Wheels Up targets companies with UP For Business

By Doug Gollan, June 15, 2021

UP For Business evolves Wheels Up’s corporate offering by leveraging its diverse fleet, Delta Air Lines’ relationship, aircraft management, sales, and even maintenance, tied together in customizable programs

Every company is a bit different. Moreover, business travel needs are constantly changing, particularly in a post-pandemic world. UP For Business answers that need for customized solutions. It’s based on a consultative sales approach, chief sales officer of Wheels Up Ken Napolitano tells Private Jet Card Comparisons.

Wheels Up built its brand via partnerships with championship athletes and entities with widescale awareness, such as Costco and ESPN. UP, on the other hand, is about tailored programs.

UP For Business

Napolitano declines to discuss what can be negotiated. Instead, he focuses on the big picture. That is, today’s Wheels Up has a unique toolkit.

The first part is its extensive and diverse fleet. In addition to all four major jet categories, there are its signature King Air 350i turboprops.
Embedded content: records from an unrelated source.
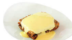
Malva pudding R 60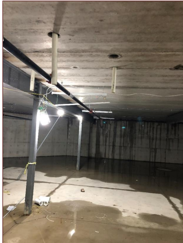
Electricians in the lower level.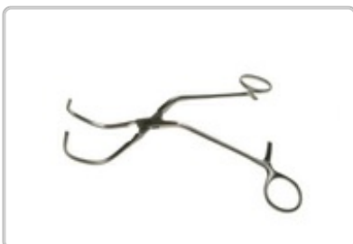
PO353007 : CLAMP KAY LAMBERT FOR ANASTOMOSIS OF ABDO & THORACIC AORTA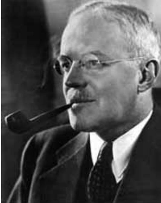
CIA Director, Allan Dulles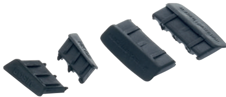
074504 Caps for visor and ear protection slots for all Ares series helmets (2+2 pcs).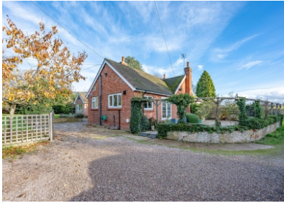
Cherrydene, Halfpenny Green, Bobbington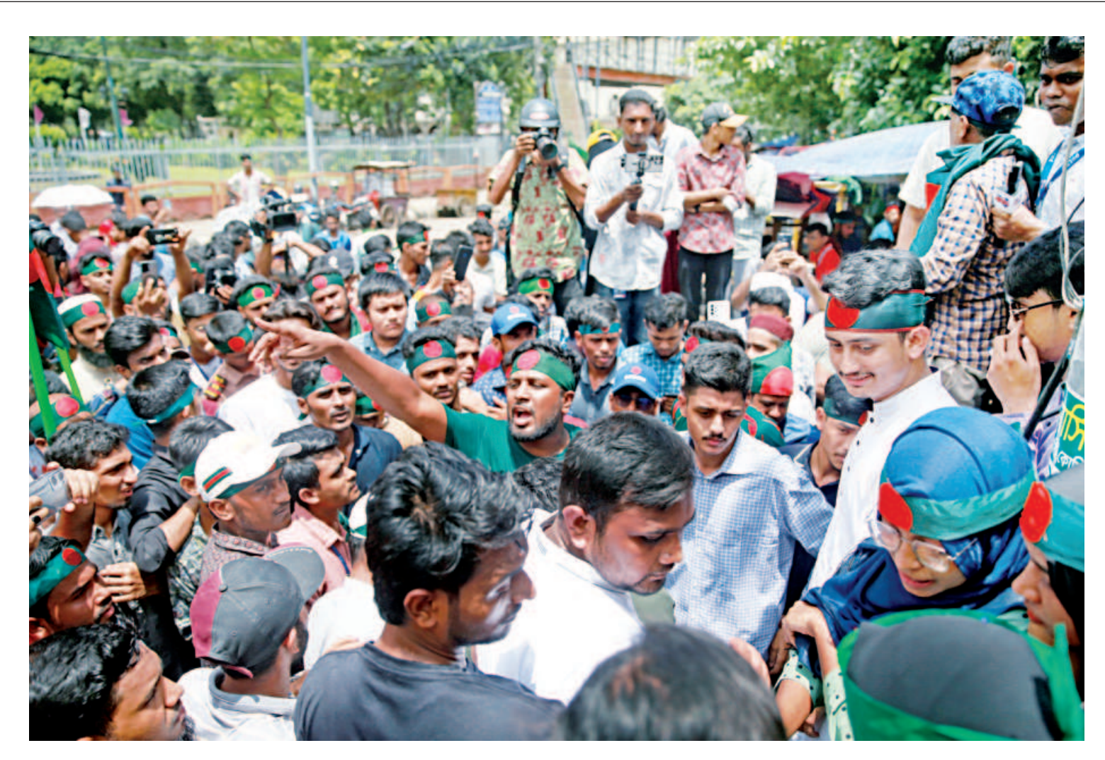
Students under the banner of Anti-Discrimination Student Movement hold a rally in front of National Museum in Shahbagh yesterday as part of their "Resistance Week" programme.

Passengers expressed satisfaction at the full restoration of train services after the long hiatus. The Bangladesh Railway suspended operations of passenger trains on July 19 amid the violence centring the quota reform movement. Although operations of passenger trains resumed on a limited scale on August 1, the authorities on August 3 suspended it for August 4 and later halted the operations of all kinds of trains until further notice.

That lineup has been in place with capped rates since December 2019. However, Delta Private Jets, Mountain Aviation, TMC Jets, and Gama Signature Aviation acquisitions mean it’s now on a company-operated fleet of over 350 owned and managed aircraft. There are also 1,200 more safety-vetted partner aircraft. It’s also new to the many companies being pitched. That’s because more companies than ever are looking into private aviation, and the fact, Wheels Up now has access to Delta corporate accounts.

Wheels Up and Delta

The January 2020 commercial agreement with Delta Air Lines enables UP members to use deposits, called Flexible Funds, for flights on the airline and private charters. There’s no limitation on how you use the funds. Napolitano says this is particularly impactful as it gives customers flexibility, something both CFOs and CEOs appreciated.

New in the mix is Wheels Up’s aircraft management, maintenance, and whole aircraft sales. “We have designed programs for clients that own one or more aircraft and firms that want to get out of managing their own fleet. We offer one-stop solutions based on listening and figuring out what’s best for the customer,” Napolitano says.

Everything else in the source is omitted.